Po 20-minutowej przerwie potrzebnej na zmiany techniczne (podczas której z taśmy brzmiały wodewilowe amerykańskie piosenki) przyszedł czas na głowne danie czyli Riverside. Piotr Grudziński (gitara elektryczna), Mariusz Duda (gitara basowa, śpiew), Piotr Kozieradzki (perkusja), Michał Łapaj (instrumenty klawiszowe i teremin).zaczęli od intro przechodzącego w „02.Panic Room”Ciekawie oświetlona scena, z tyłu , za muzykami konstrukcja w kształcie półkola (nawiązująca chyba do scenografii koncertów Pink Floyd), a po bokach roll-upy z okładką ostatniej płyty. To elementy, które na pewno przykuwały uwagę fanów.

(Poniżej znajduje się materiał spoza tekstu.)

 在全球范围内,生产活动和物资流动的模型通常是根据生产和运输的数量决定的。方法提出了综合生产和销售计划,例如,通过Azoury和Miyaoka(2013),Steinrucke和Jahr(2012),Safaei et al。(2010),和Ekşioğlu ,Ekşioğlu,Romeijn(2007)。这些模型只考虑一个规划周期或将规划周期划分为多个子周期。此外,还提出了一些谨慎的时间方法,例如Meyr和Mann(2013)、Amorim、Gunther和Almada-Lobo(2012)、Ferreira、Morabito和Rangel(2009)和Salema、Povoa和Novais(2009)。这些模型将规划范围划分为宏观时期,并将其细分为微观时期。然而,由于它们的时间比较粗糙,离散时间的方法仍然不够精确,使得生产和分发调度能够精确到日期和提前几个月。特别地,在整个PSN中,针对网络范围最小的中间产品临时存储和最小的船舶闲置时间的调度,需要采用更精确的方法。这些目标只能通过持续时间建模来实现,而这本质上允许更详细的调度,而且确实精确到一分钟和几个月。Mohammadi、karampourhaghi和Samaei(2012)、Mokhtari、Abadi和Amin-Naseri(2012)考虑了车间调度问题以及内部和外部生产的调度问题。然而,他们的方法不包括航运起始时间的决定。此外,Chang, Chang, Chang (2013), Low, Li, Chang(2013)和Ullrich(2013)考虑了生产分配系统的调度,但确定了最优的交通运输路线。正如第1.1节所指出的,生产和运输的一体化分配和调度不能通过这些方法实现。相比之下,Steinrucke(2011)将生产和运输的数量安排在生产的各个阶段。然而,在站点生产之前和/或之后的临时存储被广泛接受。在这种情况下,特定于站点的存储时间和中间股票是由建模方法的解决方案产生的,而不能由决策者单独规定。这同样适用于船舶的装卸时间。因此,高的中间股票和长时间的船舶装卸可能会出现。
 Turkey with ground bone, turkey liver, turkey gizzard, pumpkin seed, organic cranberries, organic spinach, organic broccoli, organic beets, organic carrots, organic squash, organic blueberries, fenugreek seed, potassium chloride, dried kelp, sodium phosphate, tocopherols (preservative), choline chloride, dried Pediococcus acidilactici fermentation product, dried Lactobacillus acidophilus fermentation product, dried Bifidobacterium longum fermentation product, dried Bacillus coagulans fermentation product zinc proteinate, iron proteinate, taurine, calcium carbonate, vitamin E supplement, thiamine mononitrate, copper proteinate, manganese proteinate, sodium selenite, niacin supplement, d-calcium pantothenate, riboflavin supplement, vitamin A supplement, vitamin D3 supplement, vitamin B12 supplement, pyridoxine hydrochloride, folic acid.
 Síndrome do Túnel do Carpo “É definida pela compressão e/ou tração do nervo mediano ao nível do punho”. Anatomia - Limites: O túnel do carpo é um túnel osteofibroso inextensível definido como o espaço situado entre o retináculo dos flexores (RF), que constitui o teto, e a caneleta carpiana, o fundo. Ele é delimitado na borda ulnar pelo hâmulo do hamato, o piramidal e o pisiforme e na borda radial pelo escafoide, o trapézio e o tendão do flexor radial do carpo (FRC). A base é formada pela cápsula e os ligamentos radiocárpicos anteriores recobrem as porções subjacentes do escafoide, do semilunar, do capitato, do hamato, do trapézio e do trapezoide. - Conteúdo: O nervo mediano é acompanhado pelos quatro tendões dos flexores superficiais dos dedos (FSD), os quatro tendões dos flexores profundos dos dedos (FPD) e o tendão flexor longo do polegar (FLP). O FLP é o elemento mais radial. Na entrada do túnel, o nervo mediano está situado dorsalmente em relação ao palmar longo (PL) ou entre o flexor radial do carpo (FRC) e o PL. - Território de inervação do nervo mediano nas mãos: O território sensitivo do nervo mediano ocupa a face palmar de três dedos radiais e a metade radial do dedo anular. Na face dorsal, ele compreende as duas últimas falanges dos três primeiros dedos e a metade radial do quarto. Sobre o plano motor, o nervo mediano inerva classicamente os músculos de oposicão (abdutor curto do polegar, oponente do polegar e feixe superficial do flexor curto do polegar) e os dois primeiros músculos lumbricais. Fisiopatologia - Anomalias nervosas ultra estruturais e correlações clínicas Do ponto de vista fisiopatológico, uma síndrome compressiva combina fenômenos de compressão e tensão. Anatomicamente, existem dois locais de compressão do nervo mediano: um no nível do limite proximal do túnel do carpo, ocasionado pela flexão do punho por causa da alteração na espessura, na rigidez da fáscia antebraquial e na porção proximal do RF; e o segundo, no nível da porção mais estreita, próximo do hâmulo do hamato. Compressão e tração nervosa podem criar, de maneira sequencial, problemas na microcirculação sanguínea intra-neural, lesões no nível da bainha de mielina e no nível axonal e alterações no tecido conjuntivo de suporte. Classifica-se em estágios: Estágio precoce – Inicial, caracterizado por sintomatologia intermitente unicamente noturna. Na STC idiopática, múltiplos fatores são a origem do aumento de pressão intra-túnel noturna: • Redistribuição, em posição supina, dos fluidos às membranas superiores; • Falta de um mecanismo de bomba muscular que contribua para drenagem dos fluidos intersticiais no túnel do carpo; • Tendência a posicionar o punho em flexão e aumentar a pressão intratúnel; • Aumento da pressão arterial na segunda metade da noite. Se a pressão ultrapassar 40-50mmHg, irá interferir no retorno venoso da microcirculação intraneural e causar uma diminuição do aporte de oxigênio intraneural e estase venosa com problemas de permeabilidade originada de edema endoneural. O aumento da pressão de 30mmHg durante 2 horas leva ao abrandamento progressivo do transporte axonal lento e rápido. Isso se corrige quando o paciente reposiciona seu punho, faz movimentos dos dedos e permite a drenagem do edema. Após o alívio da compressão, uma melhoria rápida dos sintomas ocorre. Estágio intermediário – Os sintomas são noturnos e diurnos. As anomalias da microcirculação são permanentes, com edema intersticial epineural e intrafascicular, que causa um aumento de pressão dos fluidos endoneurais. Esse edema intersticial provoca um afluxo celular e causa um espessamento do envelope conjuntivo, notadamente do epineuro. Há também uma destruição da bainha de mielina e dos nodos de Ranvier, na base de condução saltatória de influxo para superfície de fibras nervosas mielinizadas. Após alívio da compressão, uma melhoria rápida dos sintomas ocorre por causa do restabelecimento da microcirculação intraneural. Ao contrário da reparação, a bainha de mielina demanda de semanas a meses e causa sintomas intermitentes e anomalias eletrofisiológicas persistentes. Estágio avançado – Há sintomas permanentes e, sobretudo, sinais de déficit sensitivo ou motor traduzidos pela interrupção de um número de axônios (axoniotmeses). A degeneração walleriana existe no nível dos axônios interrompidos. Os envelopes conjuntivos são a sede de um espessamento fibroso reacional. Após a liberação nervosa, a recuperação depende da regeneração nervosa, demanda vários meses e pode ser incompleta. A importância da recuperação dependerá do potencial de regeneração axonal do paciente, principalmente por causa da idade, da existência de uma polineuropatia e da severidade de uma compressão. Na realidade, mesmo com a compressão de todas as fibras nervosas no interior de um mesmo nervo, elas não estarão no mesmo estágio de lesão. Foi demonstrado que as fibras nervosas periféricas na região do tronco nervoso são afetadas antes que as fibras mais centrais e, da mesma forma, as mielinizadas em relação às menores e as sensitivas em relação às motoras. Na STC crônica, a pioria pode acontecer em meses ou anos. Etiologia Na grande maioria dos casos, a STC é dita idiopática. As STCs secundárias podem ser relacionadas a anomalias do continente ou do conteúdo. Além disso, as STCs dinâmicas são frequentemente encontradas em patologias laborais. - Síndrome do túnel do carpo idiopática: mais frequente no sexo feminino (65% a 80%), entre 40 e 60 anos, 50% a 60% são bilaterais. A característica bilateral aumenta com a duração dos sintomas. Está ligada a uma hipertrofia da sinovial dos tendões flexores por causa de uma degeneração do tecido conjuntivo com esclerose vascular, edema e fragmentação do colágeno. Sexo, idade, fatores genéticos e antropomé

Kolejne utwory, które usłyszeliśmy to "Second Life Syndrome", i "Schizophrenic Prayer". Po tych stosunkowo świeżych kompozycjach muzycy wybrali się w przeszłość prezentując dwa numery ze swej pierwszej płyty `Out Of Myself”-Najpierw "The Same River", a następnie gdy Mariusz Duda wziął do rąk gitarę akustyczną - "In Two Minds".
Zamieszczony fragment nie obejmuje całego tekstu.